The PV/Battery file is almost certainly an infinity. The SSC uses infinity values as sentinels, so we need to handle this specially. I've looked into it in the past, but I don't recall hitting anything definitive. @jmarrec your thoughts would be highly appreciated.

integration.WCE_Diffuse_Shade

The WCE is hitting an array index. The slatAngIdxHi variable is -1, and the worker function that assigns these variables doesn't appear to be called for this setup.

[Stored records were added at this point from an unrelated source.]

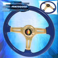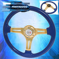 350mm 6 Bolt Hole Heavy Duty Blue Steering Wheel Trim Gold Center Fukushi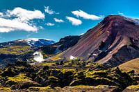 Toeristen wandelen door de hete bronnen en de sneeuw in de Landmannalaugar bergen in IJsland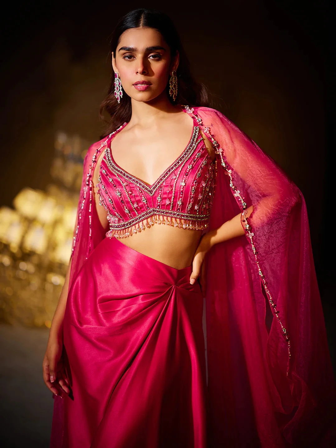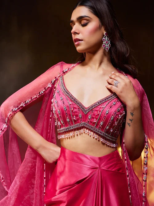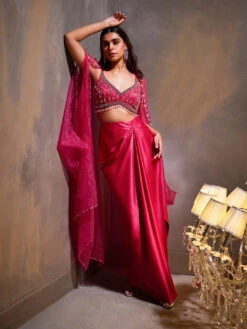 Our ROSE Cape Set presents a blend of feminine grace with its flowing skirt and hand-embellished blouse. The billowing cape adds an opulent touch to the ensemble, adorned with delicate embellishments.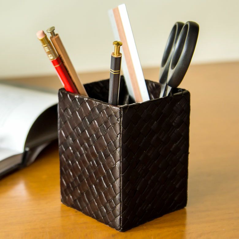 プランターカバー 卓上 収納 収納ケース 小物入れ レザー ハワイ バスケット カトラリーケース ペンホルダー 新生活 リビング 寝室 ダイニング 食卓 結婚式 プレゼント ギフト お祝い アジアンバスケット ペン立て パンダン ダークブラウン ナチュラル 約 W10 D 10 H 12.5cm 卓上ゴミ箱 ダストボックス デスクゴミ箱 ゴミ箱 お箸立て 籠 カゴ 収納バスケット バリ 雑貨 バリ雑貨 デスク おしゃれ かわいい 北欧 アジアン雑貨 アジアン 雑貨 [s-117]

I started to dive in, but am also open to suggestion on why this might be happening. Here is the block where the array bound occurs. It is on the first Interp call, but happens before Interp is called. It happens while trying to set the onstruction.effShadeBlindEmi[surfShade.blind.slatAngIdxHi] variable, and fails the lookup

            if (ANY_INTERIOR_SHADE_BLIND(state.dataSurface->SurfWinShadingFlag(SurfNum))) {
                auto &surfShade = state.dataSurface->surfShades(SurfNum);
                Real64 EffShBlEmiss = surfShade.effShadeEmi;
                Real64 EffGlEmiss = surfShade.effGlassEmi;
                surfShade.effShadeEmi = Interp(construction.effShadeBlindEmi[surfShade.blind.slatAngIdxLo],
                                               construction.effShadeBlindEmi[surfShade.blind.slatAngIdxHi],
                                               surfShade.blind.slatAngInterpFac);
                surfShade.effGlassEmi = Interp(construction.effGlassEmi[surfShade.blind.slatAngIdxLo],
                                               construction.effGlassEmi[surfShade.blind.slatAngIdxHi],
                                               surfShade.blind.slatAngInterpFac);
                state.dataSurface->SurfWinEffInsSurfTemp(SurfNum) =
                    (EffShBlEmiss * SurfInsideTemp + EffGlEmiss * (state.dataWindowManager->thetas[2 * totSolidLayers - 3] - Constant::Kelvin)) /
                    (EffShBlEmiss + EffGlEmiss);
            }

EnergyPlusFixture.EconomicTariff_LEEDtariff_with_Custom_Meter

This unit test is failing at one of the format protections that @jmarrec added. Here's a snippet of the backtrace from gdb, see line :

#7  std::array<std::basic_string_view<char, std::char_traits<char> >, 5ul>::operator[] (__n=<optimized out>, this=<optimized out>) at /usr/include/c++/13/array:208
#8  EnergyPlus::EconomicTariff::LEEDtariffReporting (state=...) at /eplus/repos/6eplus/src/EnergyPlus/EconomicTariff.cc:3961
#9  0x000055555654f66d in EnergyPlusFixture_EconomicTariff_LEEDtariff_with_Custom_Meter_Test::TestBody (this=0x55555af20900) at /eplus/repos/6eplus/tst/EnergyPlus/unit/EconomicTariff.unit.cc:1751
#10 0x0000555558c03646 in testing::Test::Run (this=0x55555af20900) at /eplus/repos/6eplus/third_party/gtest/googletest/src/gtest.cc:2682
// SNIP //

(gdb) frame 8
#8  EnergyPlus::EconomicTariff::LEEDtariffReporting (state=...) at /eplus/repos/6eplus/src/EnergyPlus/EconomicTariff.cc:3961
warning: Source file is more recent than executable.
3961	                   (gasDemWindowUnits == DemandWindow::Invalid) ? "" : demandWindowStrings[(int)gasDemWindowUnits]));

(gdb) list
3956	            state,
3957	            s_orp->pdchLeedEtsDemUnt,
3958	            "Natural Gas",
3959	            format("{}{}",
3960	                   convDemandStrings[(int)gasUnits],
3961	                   (gasDemWindowUnits == DemandWindow::Invalid) ? "" : demandWindowStrings[(int)gasDemWindowUnits]));
3962	        OutputReportPredefined::PreDefTableEntry(
3963	            state,
3964	            s_orp->pdchLeedEtsDemUnt,
3965	            "Other",
(gdb) 

I'll chip away at these three and get this merged in. This will have a notable impact on test runtime, but it's worth it.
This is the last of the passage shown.